Problems with Hive partitioning:

Partition columns leak into the schema: users must know and specify partition columns in queries
Over-partitioning: daily partitions on large tables create thousands of tiny directories
No evolution: changing partition strategy requires full table rewrite
User errors: forgetting partition filters causes accidental full table scans

Try Dremio’s Interactive Demo

Explore this interactive demo and see how Dremio's Intelligent Lakehouse enables Agentic AI

Apache Iceberg: Hidden Partitioning and Evolution

Iceberg's partitioning model is architecturally distinct from Hive, Delta, and Hudi:

Hidden Partitioning

Iceberg applies partition transforms automatically, users never see partition columns in queries:

-- Create table with hidden partitioning
CREATE TABLE orders (
  order_id BIGINT,
  customer_id INT,
  order_date TIMESTAMP,
  amount DECIMAL(12,2),
  region VARCHAR
)
PARTITION BY (month(order_date), bucket(16, customer_id));

Queries don't reference partition columns:

-- Iceberg automatically prunes to the correct month partition
SELECT * FROM orders WHERE order_date BETWEEN '2024-03-01' AND '2024-03-31';

There's no risk of accidental full table scans because the query engine always evaluates partition transforms against the WHERE clause. See Hidden Partitioning detailed look.

Partition Evolution

Iceberg's most unique feature: change the partition strategy without rewriting data:

-- Original: monthly partitioning
ALTER TABLE orders SET PARTITION SPEC (month(order_date));

-- As data grows, switch to daily partitioning
ALTER TABLE orders SET PARTITION SPEC (day(order_date));

-- Add bucket partitioning for high-cardinality columns
ALTER TABLE orders SET PARTITION SPEC (day(order_date), bucket(16, region));

This is a metadata-only operation. Old data retains the original partition spec; new data uses the updated spec. The query planner evaluates both specs during planning, ensuring correct results regardless of when data was written.
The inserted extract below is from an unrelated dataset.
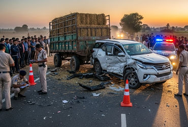 આ ઘટના રવિવારે સવારે લગભગ 6:30 વાગ્યે બની હતી. ફોર્ચ્યુનર કાર (નંબર- MP 07 CG 9006) ઝાંસી તરફથી ગ્વાલિયર તરફ આવી રહી હતી. માલવા કોલેજ પાસેના એક વળાંકમાંથી રેતી ભરેલી ટ્રેક્ટર-ટ્રોલી અચાનક હાઈવે પર આવી. ફોર્ચ્યુનરની ગતિ ખૂબ જ તેજ હોવાને કારણે, ડ્રાઇવરને ગાડી પર કાબૂ મેળવવાનો સહેજ પણ મોકો મળ્યો નહીં અને કાર સીધી ટ્રોલીના પાછળના ભાગમાં ઘૂસી ગઈ.

Available Partition Transforms

Transform	Input	Output	Example
`year(col)`	Timestamp/Date	Year integer	`year(order_date)` → 2024
`month(col)`	Timestamp/Date	Year-month	`month(order_date)` → 2024-03
`day(col)`	Timestamp/Date	Date	`day(order_date)` → 2024-03-15
`hour(col)`	Timestamp	Date-hour	`hour(event_ts)` → 2024-03-15-14
`bucket(N, col)`	Any	Hash bucket 0..N-1	`bucket(16, id)` → 7
`truncate(L, col)`	String/Int	Truncated value	`truncate(4, zipcode)` → "1002"
`void(col)`	Any	Null (removes partitioning)	`void(old_col)` → null

Delta Lake: From Hive-Style to Liquid Clustering

Traditional Delta Partitioning

Delta Lake originally used Hive-style explicit partitioning:

-- Delta Lake traditional partitioning
CREATE TABLE orders (
  order_id BIGINT,
  order_date DATE,
  amount DECIMAL(12,2)
)
USING delta
PARTITIONED BY (order_date);

This requires users to be aware of partition columns and suffers from the same over-partitioning and evolution problems as Hive.
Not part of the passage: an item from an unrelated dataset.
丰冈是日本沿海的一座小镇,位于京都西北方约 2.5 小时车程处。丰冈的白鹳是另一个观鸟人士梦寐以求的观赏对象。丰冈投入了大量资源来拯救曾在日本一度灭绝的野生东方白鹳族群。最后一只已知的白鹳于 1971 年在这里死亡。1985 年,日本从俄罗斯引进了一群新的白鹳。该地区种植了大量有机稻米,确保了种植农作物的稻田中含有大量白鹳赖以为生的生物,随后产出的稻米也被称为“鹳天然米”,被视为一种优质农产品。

Liquid Clustering (Recent Addition)

Delta Lake added Liquid Clustering to address these limitations:

-- Delta Lake Liquid Clustering
CREATE TABLE orders
USING delta
CLUSTER BY (order_date, region);

Key differences from Iceberg:

Requires OPTIMIZE: Clustering is applied during OPTIMIZE runs, not at write time
Data rewrite required: Changing clustering columns requires rewriting affected data
Not hidden: Users must still be aware of clustering columns for optimal queries
Incremental: Only new/modified data is re-clustered during OPTIMIZE

Apache Hudi: Explicit Partitioning

Hudi uses Hive-compatible explicit partitioning with no evolution support:

-- Hudi partitioning
CREATE TABLE orders (
  order_id BIGINT,
  order_date DATE,
  amount DECIMAL(12,2),
  region STRING
)
USING hudi
PARTITIONED BY (region);

Limitations:

No partition evolution: Changing partition columns requires full table rewrite
No hidden partitioning: Users must include partition columns in queries
No transform support: Partitions must be explicit column values (no month(), bucket())

Comprehensive Comparison

Feature	Apache Iceberg	Delta Lake	Apache Hudi
Hidden partitioning	✅ Full support	❌ Not supported	❌ Not supported
Partition evolution	✅ Metadata-only	⚠️ Liquid Clustering (data rewrite)	❌ Full rewrite required
Partition transforms	✅ 7 transforms	❌ None (explicit columns)	❌ None
Accidental full scan prevention	✅ Automatic	❌ User must know partitions	❌ User must know partitions
Multi-spec support	✅ Old + new specs coexist	❌ Single clustering spec	❌ Single partition spec
Partition pruning	✅ Manifest-level + file-level	✅ Log-level + file-level	✅ Metadata-table-level

Partitioning with Dremio

Dremio uses Iceberg's partitioning to deliver optimal query performance:

Creating Partitioned Tables

-- Dremio CTAS with hidden partitioning
CREATE TABLE nessie.db.orders
PARTITION BY (month(order_date), bucket(8, region))
AS SELECT * FROM staging.raw_orders;

Evolving Partitions

-- Change partition strategy without data rewrite
ALTER TABLE nessie.db.orders 
SET PARTITION SPEC (day(order_date), bucket(16, region));

Optimizing Partitioned Tables

-- Compact files within each partition
OPTIMIZE TABLE nessie.db.orders;

-- Clean up expired snapshots
VACUUM TABLE nessie.db.orders 
EXPIRE SNAPSHOTS older_than = '2024-01-01 00:00:00';

Reflection Acceleration on Partitioned Tables

Dremio's Reflections inherit Iceberg partition pruning automatically. When a Reflection is created on a partitioned table, queries against the Reflection benefit from both:

Reflection-level pruning: Only scan Reflection data for matching partitions
File-level pruning: Column statistics eliminate individual files within partitions

This double pruning is why Dremio + Iceberg delivers sub-second query performance on tables that would take minutes with Hive or Delta partitioning.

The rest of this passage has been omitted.